To me, every hour of the light and dark is a miracle,
Every cubic inch of space is a miracle,
Every square yard of the surface of the earth is spread with the same,
Every foot of the interior swarms with the same;
Every spear of grass—the frames, limbs, organs, of men and women, and all that
concerns
them,
All these to me are unspeakably perfect miracles.

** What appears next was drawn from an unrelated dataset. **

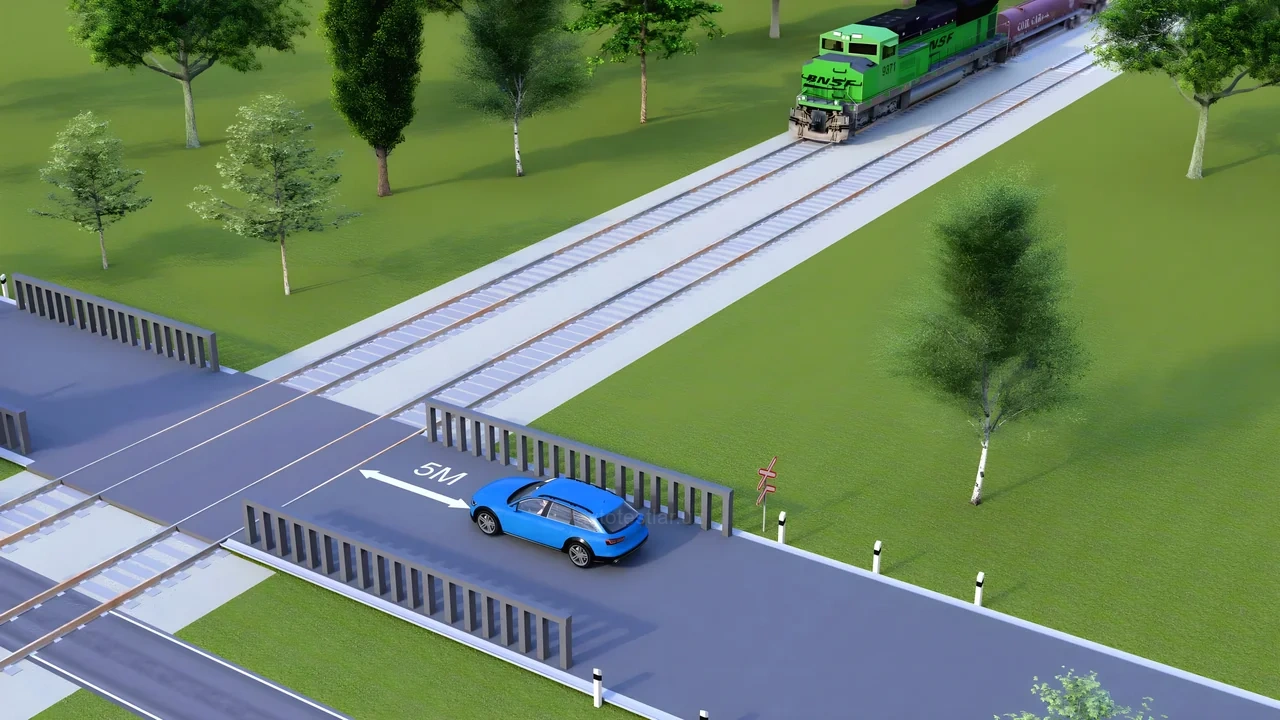 Правильно ли водитель остановился для предоставления преимущества поезду?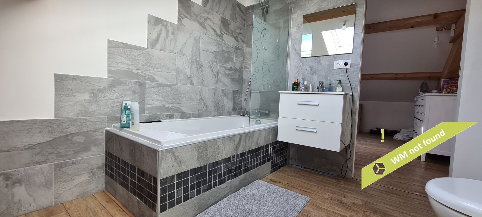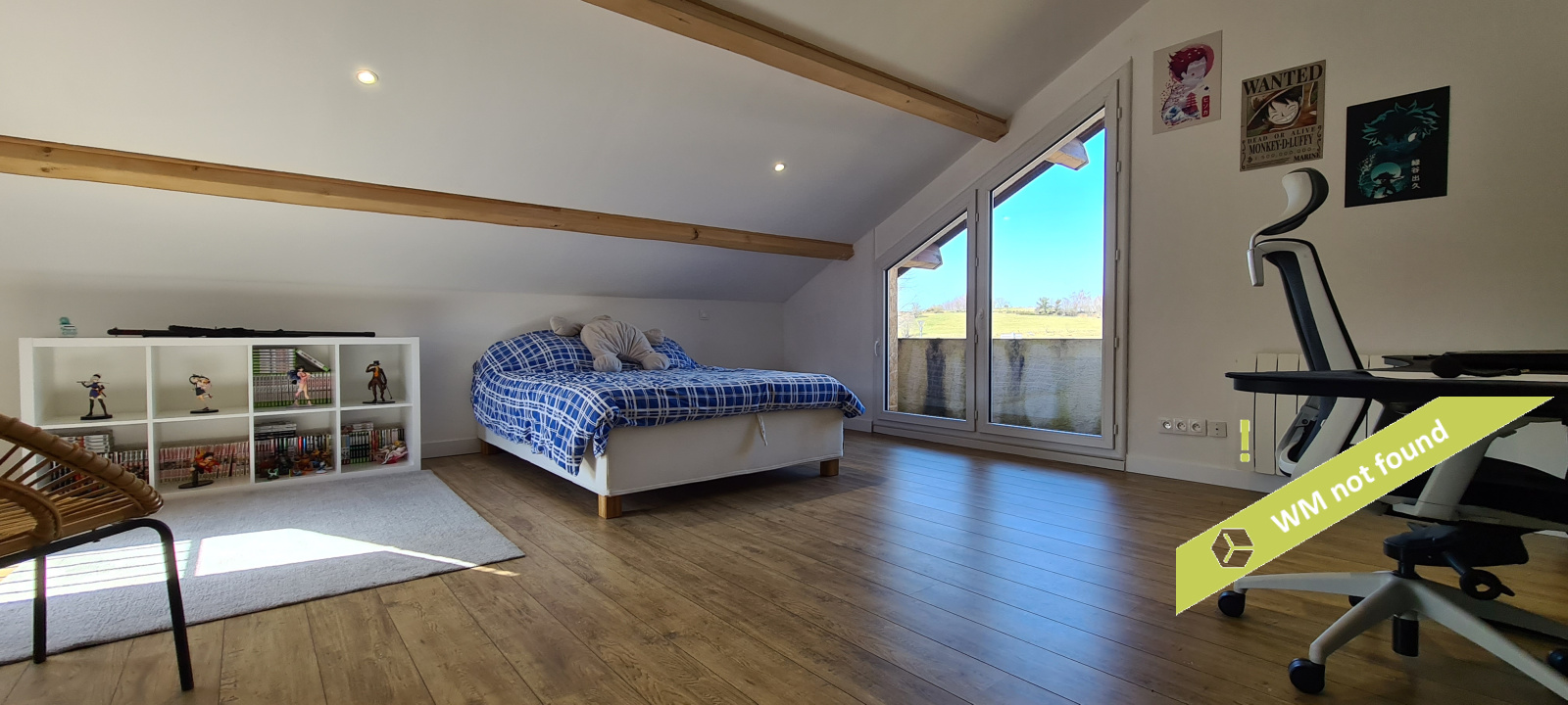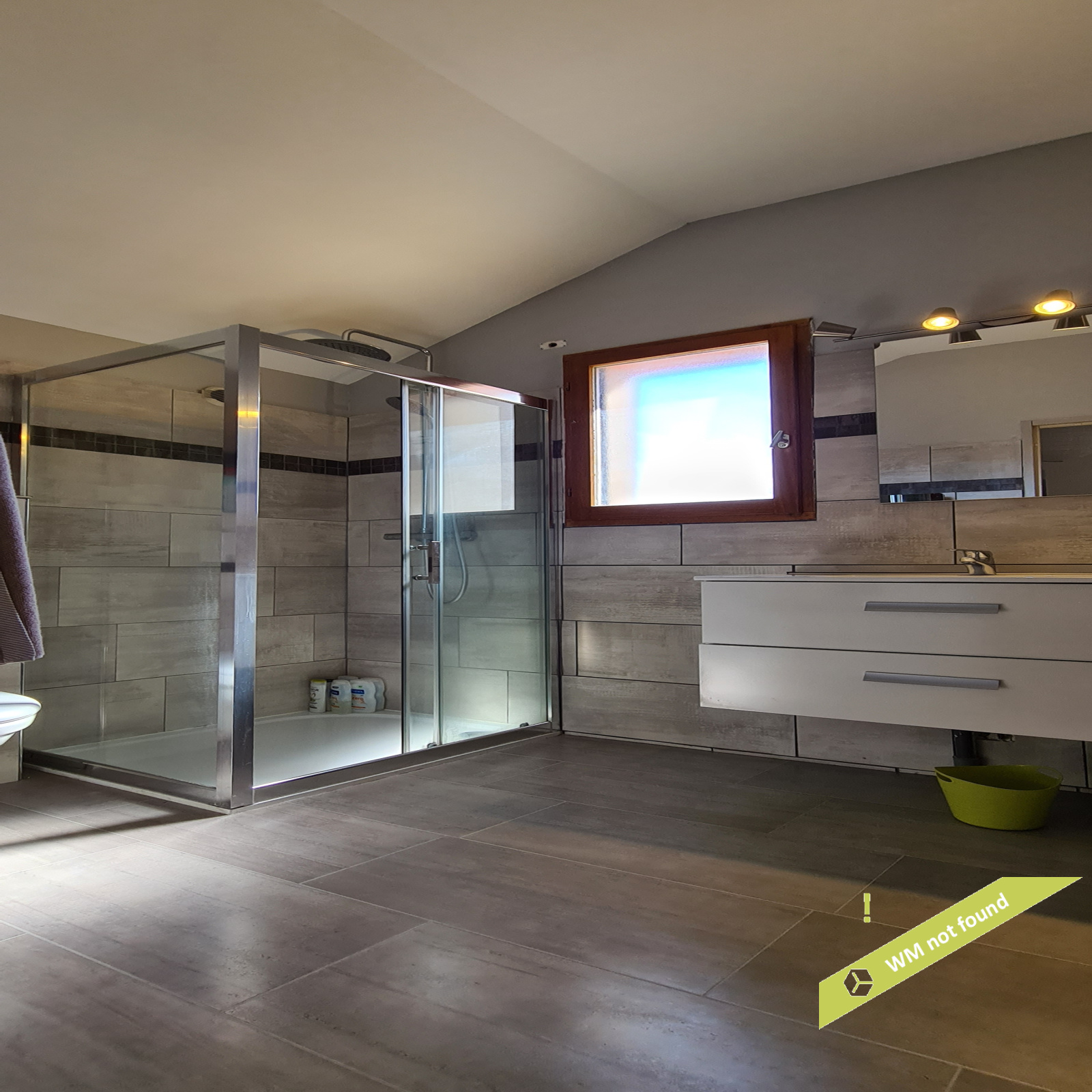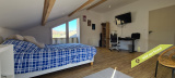 - le 1er étage est composé d'une chambre mansardée avec placard, de 17,20 m² (pour une surface au sol de 23,67 m²). Cette chambre dispose d'un petit balcon. On trouve également un vaste dégagement desservant une 1ère salle d'eau avec wc et deux espaces mansardés en enfilade, le 1er de 6,11 m² (pour 18,58 m² au sol) et le 2ème de 15,24 m² (pour 30,09 m² au sol). Une 2ème salle d'eau avec wc complète cet étage. Ces deux espaces peuvent servir de chambre, de salle de jeux, de bureau, de bibliothèque...

To me the sea is a continual miracle;
The fishes that swim—the rocks—the motion of the waves—the ships, with men
in
them,
What stranger miracles are there?
Something to Think About
A cold front raced through south Texas yesterday plunging the temperatures nearly 30 degrees. The morning chill let my neighbors and me know winter is not going to skip us this year. It will be a short winter compared to northern areas (that’s good). It is a good reminder that things change. There’s not much we can do about many of life’s changes except to adapt, adjust, and learn to roll with it. When we fight things we can’t change, we waste our emotions and energy that could be better spent working on things we can change.